Shockwave from Russian meteor that left 1,000 people injured 'went twice around the earth'

Researchers said the event was the 'most powerful ever recorded' by the system

The shockwave from a meteor which exploded over Russia earlier this year travelled twice around the earth, scientists have said.

More than 1,000 people were injured when the 10,000-tonne, 17m rock exploded over the town of Chelyabinsk.

Tremors from the explosion of the space rock were recorded at 20 'infrasonic' monitoring stations around the globe. The stations, which are part of the International Monitoring System network operated by the Comprehensive Nuclear-Test-Ban Treaty Organisation, are designed to detect nuclear weapon tests.

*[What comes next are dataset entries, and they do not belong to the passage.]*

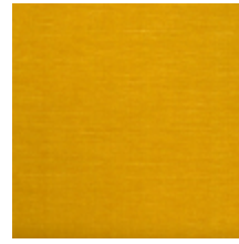
1502-05 VELOURS UNI - TOPAZE *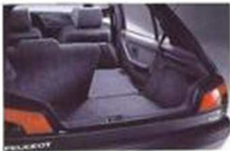
Coffre avec éclairage et banquette arrière rabattible en 2 parties 23-13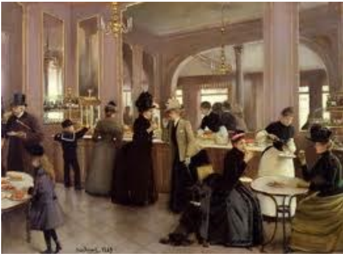
La pâtisserie Gloppe - Jean Béraud 1889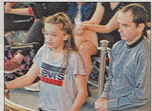
Deux « vrais faux » procès ont été joués au collège Gassendi de Rocbaron.

They search for ultra-low frequency waves known as infrasound that could derive from nuclear test explosions.

The findings, published in the journal Geophysical Research Letters, claim the explosion was the first time the stations had detected "multiple arrivals involving waves that travelled twice round the globe". The researchers said the event was the 'most powerful ever recorded' by the system.

The explosion occurred on 15 February this year when the asteroid, which entered the Earth's atmosphere travelling at 50 times the speed of sound, exploded in an air burst above the southern Ural region of Russia. Some 7,200 buildings in six different cities were damaged by the explosion.